Richard W. Arms, Jr.“The market is very complex. It is pushed one way or the other in varying degrees as a result of individual decisions of millions of participants. Some of those participants are acting logically and others are acting emotionally…it is the volume which is giving us the real picture of the emotions in the marketplace. Price tells us what is happening, but volume tells us how it is happening.”

“I just sold a stock for $23 that I bought last week for $18. What a high! That is the pleasure of being a trader, being right. Taking a profit is great, but the money is not as important as the success. I think the best trader is the one who only uses the money to keep score. He treats trading as a challenge.”
–  Richard W. Arms, Jr.

In Trading With Equivolume, we are going to be looking at some unique methods of analysis that can help to make trading more successful and therefore more fun. When I say traders I am thinking primarily of those who buy individual stocks and hold them for a period of days, or at most a few weeks. All the examples we look at will be concerned with that time frame. That is not to say the methodology is not applicable to other time frames, it is.
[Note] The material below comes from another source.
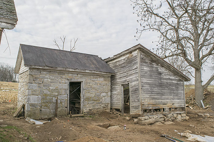 The chickenhouse sat on a concrete foundation and was not the same dimension as the wagon shed, corn crib, and tool shed addition, suggesting it was added at a later date. It would appear that the initial incarnation of the barn dates to the Brumbaugh period, the wagon shed/corn crib/tool shed addition to the Kendle period, and the chickenhouse to the Grove occupation, as the Groves appear to have been the first occupants of the farm to use concrete in any meaningful fashion.

But our emphasis will be on short term trading. If we can think of the market movements as consisting of tides, waves and ripples, we are going to be looking at the waves. Day traders may want to apply the ideas to the ripples. Long-term investors can look at the larger picture and use the methods to take advantage of the large tidal movements. In addition, we will not be looking at options trading, just the underlying stocks. But anyone wanting to trade options must be able to understand where the underlying stock appears to be headed. Every principle in the pages that follow is a tool for the options trader as well.